Employment as a patent examiner could also be long-term. The field has the ability for promotion based on performance. For individuals who would like a lot of time with family or need job flexibility, a career as a patent agent is flexible in regards to the work schedule. Another appealing aspect of a patent examiner position is the ability to work from home after working at least two years and meeting certain performance standards.

The MSPL curriculum prepares students for the option of a career as a patent examiner at the USPTO. Currently, applicants with bachelor’s degrees in Mechanical Engineering, Computer Engineering, or Electrical Engineering are needed by the USPTO to assist with the backlog of unexamined patent applications. In the future, these postings may remain and other backgrounds may also be needed.

Meet Sarah Goodman

My name is Sarah Goodman and I am currently a student in the Master of Science in Patent Law Class of 2013.

The MSPL program at the University of Notre Dame will give me opportunities to learn about intellectual property law, as well as practice field-related skills for employment as a patent agent following graduation.

I have a B.S. in Medical Biotechnology from Upstate Medical University in Syracuse, NY.  While at Upstate, I worked on two research projects in the department of Neuroscience and Physiology. Both of these projects focused on the isolation and characterization of mutations in subjects with Parkinson`s disease or schizophrenia.

This past summer, I conducted research in the biology laboratory of the Centre Hospitalier Intercommunal; the hospital of Saint Germain en Laye and Poissy in France. For two months I designed and conducted a research project investigating genetic mutations in subjects with Factor XII deficiency. I am currently analyzing the sequencing files from this project for any novel variations.

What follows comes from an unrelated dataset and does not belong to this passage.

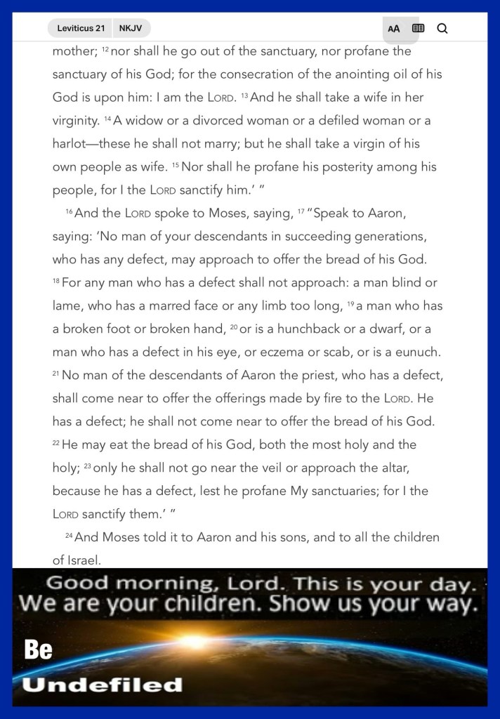 Today’s message Leviticus 21, today’s verses: “Therefore, whatever you want men to do to you, do also to them, for this is the Law and the Prophets.” Matthew 7:12 “in everything give thanks; for this is the will of God in Christ Jesus for you.” I Thessalonians 5:18

My capstone project will be to research an invention and write the patent application. The project I chose is in the molecular biology field and will concern genetically engineered yeast for use as an analytical tool.

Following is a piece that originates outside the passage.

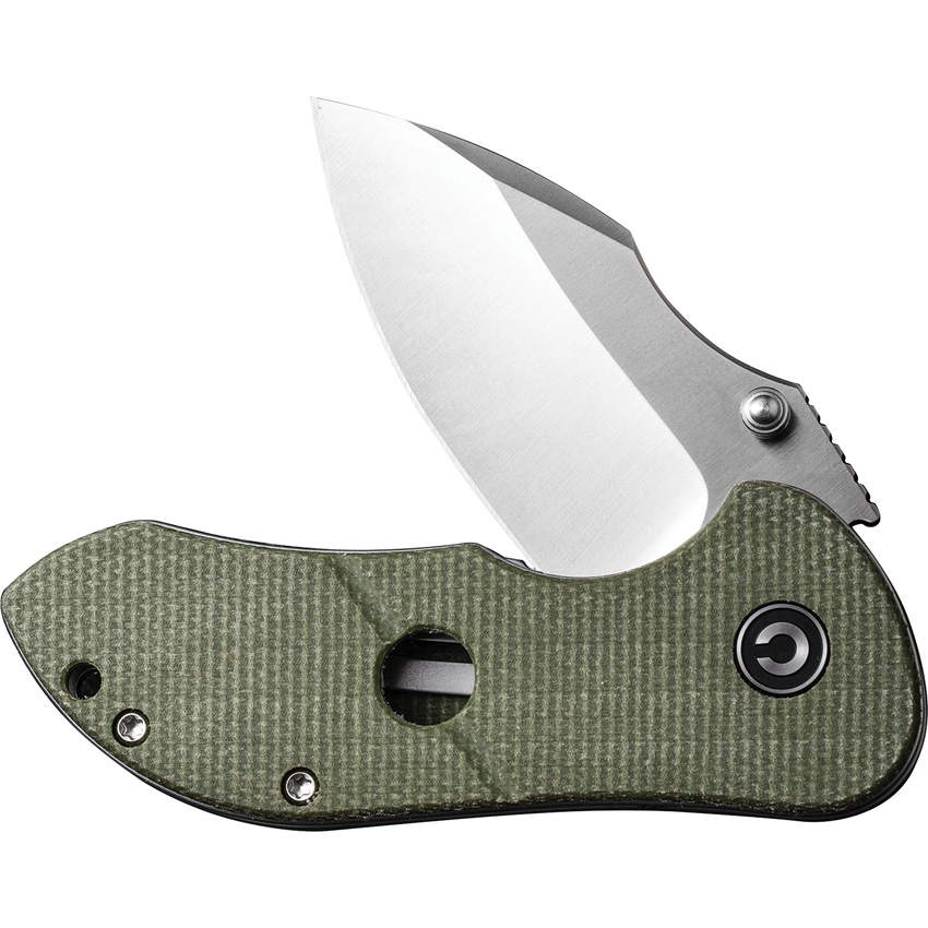 3.5″ (8.89cm) closed. 2.5″ (6.35cm) satin finish D2 tool steel blade. Green G10 handle. Extended tang. Lanyard hole. Thumb stud. Pocket clip. Black nylon belt sheath. Boxed.

I enrolled in this program because patent law is a growing field with technologies constantly evolving. This is a good career to combine a passion for science with an interest in law.  The University of Notre Dame is a great place to begin this career because of the dedication of the professors and researchers on campus. The resources available for this program far exceed my expectations.  As I begin classes, this upcoming school year promises to be very exciting!